Do you believe there might have been medical error?

0 10
6 - More Likely Than Not

It's not completely clear from the images provided, but there may be an extravasation (damage to the vessel causing blood to leak out of the vessel) causing a hematoma at the site of the balloon. This is a known complication, but should be found and addressed during the procedure. Typically an extravasation is treated by a prolonged inflation of the angioplasty balloon at the site, or a stent.

Do you believe there might have been causation (i.e. the medical error resulted in an injury)?

0 10
6 - More Likely Than Not

If there is clear evidence of an extravasation that was not addressed in the procedure, it caused the hematoma that resulted in the hospitalization and follow up surgery.

What makes you a good expert for this case?

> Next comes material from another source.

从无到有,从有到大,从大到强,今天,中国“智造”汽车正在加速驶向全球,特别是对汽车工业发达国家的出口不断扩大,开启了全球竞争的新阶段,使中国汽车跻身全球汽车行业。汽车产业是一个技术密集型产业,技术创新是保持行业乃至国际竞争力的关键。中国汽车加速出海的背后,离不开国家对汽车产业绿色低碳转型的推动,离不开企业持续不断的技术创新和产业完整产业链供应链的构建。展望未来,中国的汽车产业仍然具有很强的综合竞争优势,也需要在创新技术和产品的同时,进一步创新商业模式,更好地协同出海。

I am a full time practicing nephrologist, board certified. I have been preforming interventional nephrology procedures like the one in this case since I completed fellowship in 2012. I am the president of my nephrology practice with over 40 providers. I have performed over 5,000 interventional nephrology procedures. I have a Florida MD Expert Witness Certificate. I started doing expert witness work 10 months ago. I have not been deposed, but have participated in about 15 cases between plaintiff and defense.

How often do you encounter cases similar to this one in your practice?

I perform over 500 interventional cases per year.